# android-malware-analysis

**Repository Path**: devdasdevdasjan/android-malware-analysis

## Basic Information

- **Project Name**: android-malware-analysis
- **Description**: No description available
- **Primary Language**: Unknown
- **License**: GPL-3.0
- **Default Branch**: master
- **Homepage**: None
- **GVP Project**: No

## Statistics

- **Stars**: 0
- **Forks**: 0
- **Created**: 2025-05-04
- **Last Updated**: 2025-05-04

## Categories & Tags

**Categories**: Uncategorized

**Tags**: None

## README

# Getting an API Key
AndroTotal has simplified the process for getting an API Key. Login/Create an Account at http://andrototal.org/ and you will then be able to view your profile settings. There is an API Tab which contains your key. 

This repository contains a set of scripts to automate the process of
gathering data from malware samples, training a machine learning model
on that data, and plotting its classification accuracy.

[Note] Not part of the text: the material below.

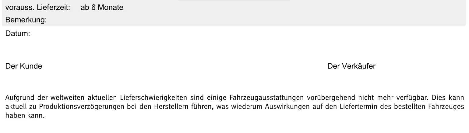 Ich hab heute eine spannende Aussage von meinem Autohaus bekommen über die ich nicht mal mehr lachen kann. Ich solle mich doch glücklich schätzen, dass ich mein Auto so früh (Mai 2021) bestellt habe und ich dadurch die Chance habe, das Auto vielleicht dieses Jahr noch zu erhalten und damit auch die Förderung.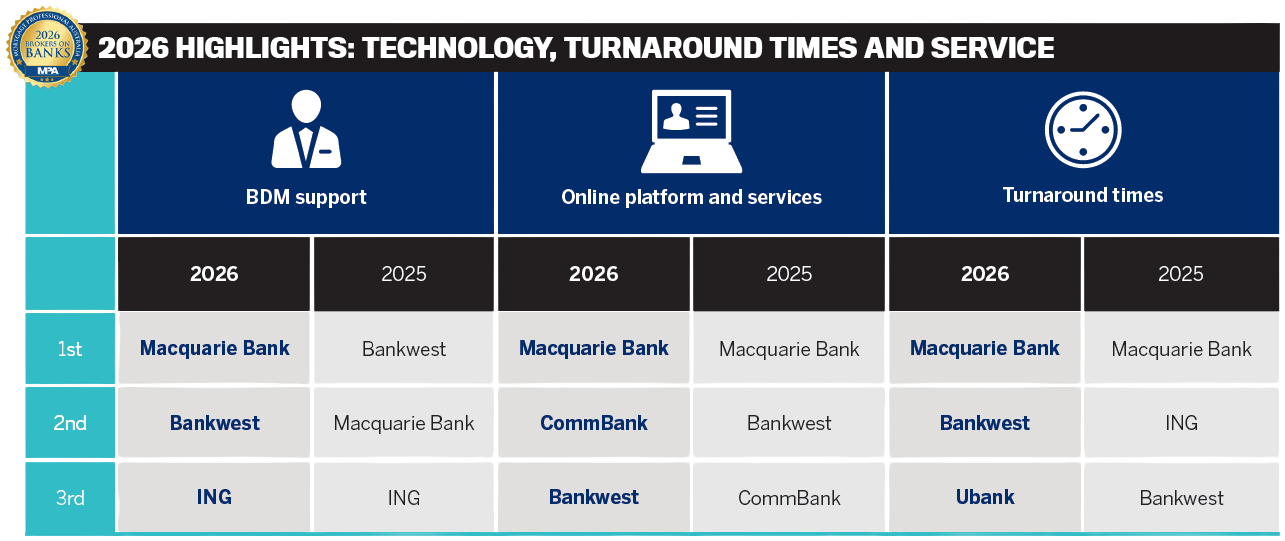 Here, execution again matters more than novelty. Macquarie Bank leads online platform and services for the second year, followed by CommBank and Bankwest. Brokers highlighted clean portals, local decisioning, systems supporting faster assessment, and some lenders’ incremental process improvements (eg in valuations and digital submissions).

0. Make a copy of config-template.ini called config.ini and edit it.

1. Ensure that the "tools" subdirectory has been initialized ("`$ git submodule update --init tools`")

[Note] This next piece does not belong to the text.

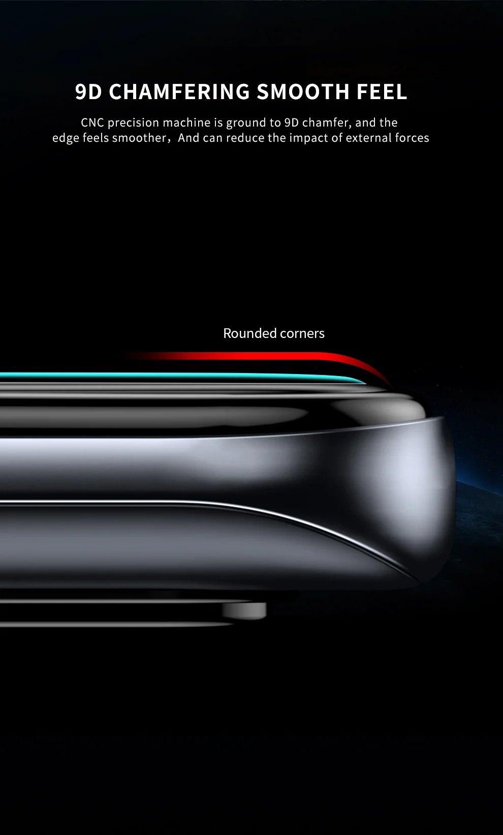 El vidrio templado de borde curvo especialmente diseñado cubre el área plana y curva para proteger contra grietas.

2. Either use `get_samples.py` to download samples or copy them into "all_apks" from another source.
If you're using `get_samples.py`, you can monitor it in another shell by running `watch "ls -l *.apk | wc -l"`

3. `sort_malicious.py` uses andrototal.org to sort them into "malicious_apk" and "benign_apk" folders.
You can monitor it in another shell by running `watch "ls -l benign_apk/*.apk | wc -l && ls -l malicious_apk/*.apk | wc -l"`

4. `extract_apks_parallel.sh` unpacks the .apk files into folders and processes some of the data therein.
You can monitor it in another shell by running `watch "wc -l benign_apk/valid_apks.txt; wc -l malicious_apk/valid_apks.txt"`

5. Run one of the following scripts to generate feature vectors:
    * `parse_xml.py` for permissions. "app_permission_vectors.json" is generated
    * `parse_maline_output.py` for syscalls. "app_syscall_vectors.json" is generated. You will have to run [maline](https://github.com/soarlab/maline) first for this to work.
    * `parse_disassembled.py` for API calls. "app_method_vectors.json" is generated
    * `parse_ssdeep.py` for fuzzy hashes. "app_hash_vectors.json" is generated. You will have to run [ssdeep](http://ssdeep.sourceforge.net/) first for this to work.
    * `combine_features.py` for a combination of the top weighted features. "app_feature_vectors.json" is generated. This only works if you've previously trained a network on the specified features, and the feature weights files are named appropriately.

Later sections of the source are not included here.